How to use this guide
This guide is built for a 45-60 minute small-group conversation about "The Bayesian Case for the Resurrection." Open with prayer, read the framing aloud, and use the questions below to surface what people actually think before you walk through the case. Aim for honest engagement over consensus.
Facilitator tips
- Read the lesson before the meeting; you do not need to be an expert, just a guide.
- Resist the urge to fill silence. The best discussions follow long pauses.
- When someone raises an objection you cannot answer, write it down and follow up next week.
- Close with a single takeaway from each member, not a doctrinal summary.
What we're studying
Skeptics often object: "No amount of evidence can overcome the low prior for a miracle." Bayesian analysis lets us test that claim rigorously. By assigning probabilities for each piece of evidence on two hypotheses — Resurrection and No-Resurrection — and multiplying the resulting Bayes factors, we can see for ourselves whether the evidence is strong enough to overcome a low prior. The interactive calculator below lets you pick your own numbers.
The case in brief
Timothy and Lydia McGrew's landmark chapter in The Blackwell Companion to Natural Theology applies Bayesian reasoning to the resurrection. For each minimal fact (empty tomb, group appearances, Paul's conversion, James's conversion, early creed, willingness to die), the likelihood on Resurrection vastly exceeds the likelihood on No-Resurrection. When these Bayes factors multiply, the cumulative factor reaches the order of 10^40 or higher — overwhelming even extraordinarily low priors. You do not need to accept their specific numbers; even with conservative values the conclusion is robust. The calculator on this page lets you test that claim yourself. Enter your prior, adjust each likelihood, and watch the posterior update in real time.
Argument structure
Conclusion: Given the evidence, a rational posterior probability for the resurrection is decisively high, even from a very low prior.

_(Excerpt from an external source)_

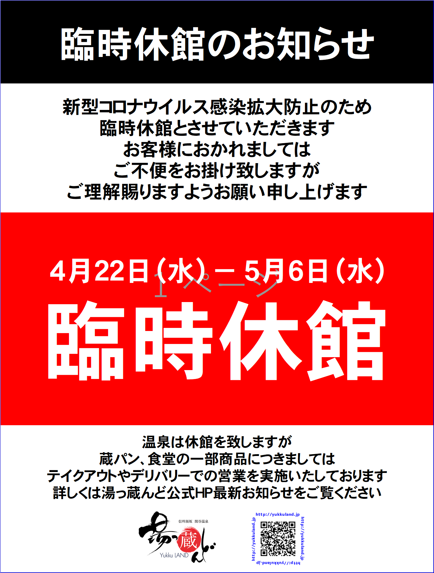 2020年4月22日(水)ー 2020年5月6日(水)を 臨時休館とさせていただきます。

- Bayes' theorem describes how any rational agent should update beliefs on evidence.
- Each minimal fact is much more expected on Resurrection than on No-Resurrection.

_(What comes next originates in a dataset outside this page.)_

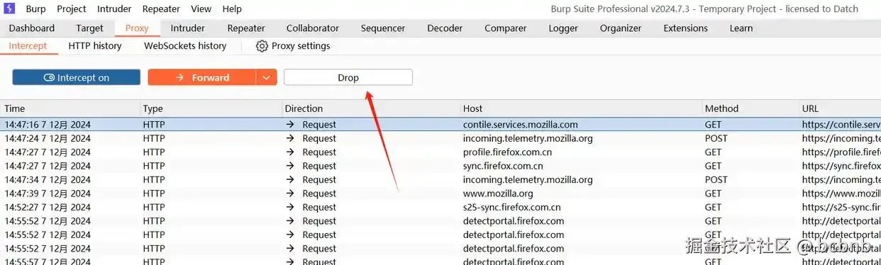 丢弃数据包,选择Drop,该数据包不会被发送到服务端,主要用于观察缺少某些数据后的响应。

- When Bayes factors multiply, they grow quickly.
- The cumulative Bayes factor overwhelms any plausibly-low prior.
What if someone says...
"Bayesian reasoning gives the illusion of precision with subjective numbers."
Any reasoning with uncertain evidence depends on estimates. Bayesianism makes the dependencies explicit and lets us see which inputs would have to change to flip the conclusion.

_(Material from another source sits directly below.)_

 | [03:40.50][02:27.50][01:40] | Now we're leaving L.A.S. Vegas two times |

"You are stacking the deck with favorable likelihoods."
The calculator gives you the dials. Drop P(evidence | R) to 0.5 and raise P(evidence | ~R) to 0.3 across the board and the cumulative Bayes factor still outruns a 1-in-10,000 prior.
"A posterior close to 1 is implausible for any historical claim."
Bayesianism tracks what your beliefs should be given the evidence. If many independent lines all point the same direction, a high posterior is the rational response.
Discussion questions
- What prior would you honestly start with, and why?
- Which of the evidence likelihoods in the calculator would you push back on? By how much?
- At what combined Bayes factor would you consider the resurrection rationally warranted, even from your chosen prior?
- [Small group] Where in your own life does this question feel most pressing?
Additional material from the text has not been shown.